Don't call me Caucasian

New York times contributor Shaila Dewan states her case that the term Caucasian is obsolete and has no place in American racial discussion.

Whatever the merits or flows of the term "Caucasian", Dewan offers no alternative term. In the age of diversity and sensitivity in reporting, "white" seems out of step. Reporters increasingly substitute African-American for Black, regardless of the actual preference of the person being interviewed. And it would be suicidal for any reporter to label Asian-Americans as "yellow" or Native Americans as "red". Why has "white" survived?

European-American is a consistent term with African-American and Asian-American, as it speaks to geographical origin versus color. However white Americans identify strongest with the country of their descent, (i.e. Italy, Ireland) versus the entire continent. That is why we have Italian-American social clubs, and why Irish-Americans come out to celebrate Saint Patrick's day. But you won't see any European-American parades. 

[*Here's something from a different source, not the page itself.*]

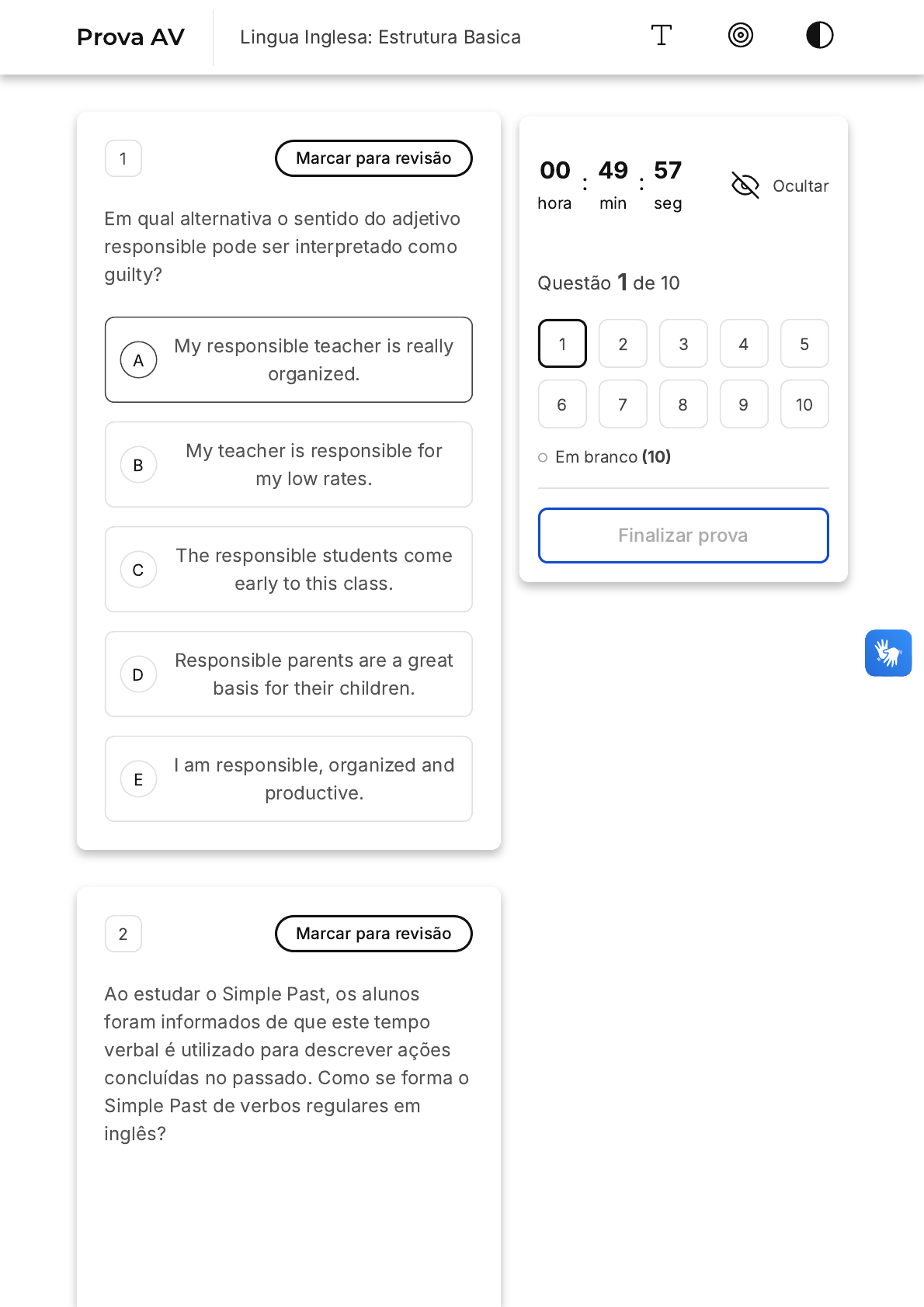 A B C D E 1 Marcar para revisão Em qual alternativa o sentido do adjetivo responsible pode ser interpretado como guilty? My responsible teacher is really organized. My teacher is responsible for my low rates. The responsible students come early to this class. Responsible parents are a great basis for their children. I am responsible, organized and productive. 2 Marcar para revisão Ao estudar o Simple Past, os alunos foram informados de que este tempo verbal é utilizado para descrever ações concluídas no passado. Como se forma o Simple Past de verbos regulares em inglês? 00 hora : 49 min : 57 seg Ocultar Questão 1 de 10 Em branco (10) Finalizar prova 1 2 3 4 5 6 7 8 9 10 Prova AV Lingua Inglesa: Estrutura Basica A B C D E A B C Adiciona-se 'ing' ao final do verbo. Mantém-se o verbo na forma base. Adiciona-se 's' ou 'es' ao final do verbo. Adiciona-se 'ed' ao final do verbo. Usa-se o verbo no infinitivo com 'to'. 3 Marcar para revisão Ao redigir um essay, devemos ter em mente: Que deve ser escrito de forma poética. A estrutura introduction- development-conclusion, conectando os parágrafos. A quem ele irá atingir e o que ele tem a oferecer para a humanidade, não se importando com a forma. D E A B C D E A gramática deve ser perfeita, não se importando tanto com o conteúdo. Que deve oferecer ao leitor uma história com personagens e um cenário. 4 Marcar para revisão There are certain tips you can resort to whenever writing/ expanding your paragraph. What is important to develop your paragraph? Use examples and explain them so that the reader understands the fact that they are there and their connection to the thesis statement The thesis statement and the topic sentence are the same Avoid evidence when giving opinions The concluding paragraph should include new information Paragraphs do not need to be connected to the Topic Sentence A B C D E A B 5 Marcar para revisão Indique qual frase está com a concordância errada: No money is needed. Nobody arrive late at my class. No one is accepted here. Nobody leaves the room. No one is needed. 6 Marcar para revisão Understanding the components of a sentence is fundamental in language comprehension. One key element is the predicate, which describes the action performed by the subject. Identifying predicates helps in analyzing sentence structure and meaning. One of the sentences below presents, in its highlighted portion, a predicate. Which sentence would that be? I go to church regularly. Regularly, the whole class was absent. C D E A B C D E The student completed the exercises at home. The student completed the exercises at home. We walked the guests to the door. 7 Marcar para revisão Qual alternativa apresenta uso correto de adjetivo com sufixo -ed: I felt so embarrassed, because my mother was telling stories about me. My mother told many embarrased stories about my childhood to my friends. I could not sleep last night, because I had watched a terrified movie. The movie was so terrified that my friends could not sleep. We are extremely happy, once we have amazed results. 8 Marcar para revisão A B C D E A B C Em relação ao emprego dos coletivos, identifique a opção que não apresenta um exemplo de coletivo: I was amazed by that choir. I love your band. I saw a mob coming down here. Lions are big animals. There is nothing more beatiful than a flock of birds. 9 Marcar para revisão Sofia está aprendendo sobre tempos verbais em inglês. Ela deseja descrever uma ação que estava ocorrendo por um período antes de um certo ponto no passado. Qual é a maneira correta de Sofia expressar no tempo correto? I had been reading the book before the lights went out. I was reading the book before the lights went out. I have been reading the book before the lights went out. D E A B C D E I read the book before the lights went out. I will have been reading the book before the lights went out. 10 Marcar para revisão Em relação ao uso do quantificador much em sentenças afirmativas, identifique a alternativa incorreta: There is so much water here. There is very much water here. There is too much water here. There is much water here. There is really too much water.

While Dewan actually articulates that relationship in her piece, the ties to nationality are clearly lost on her. In describing her mixed race heritage to neighbors, for blacks it was enough to simply describe the skin color of her white ancestors. Meanwhile whites actually press her for more information. Where are they from originally? The white neighbors weren't satisfied until they actually heard the name of a country.

It's important to point out this is how the United States Census Bureau regards "whiteness". The decennial survey asks detailed information from it's Hispanics and Asians respondents, but not for whites. Your family could be recent immigrants from Albania. Your grandparents could be Jewish Holocaust survivors. Or maybe your ancestors arrived on the Mayflower. No matter to the Census Bureau: you are white, you're all the same, we don't care for any details!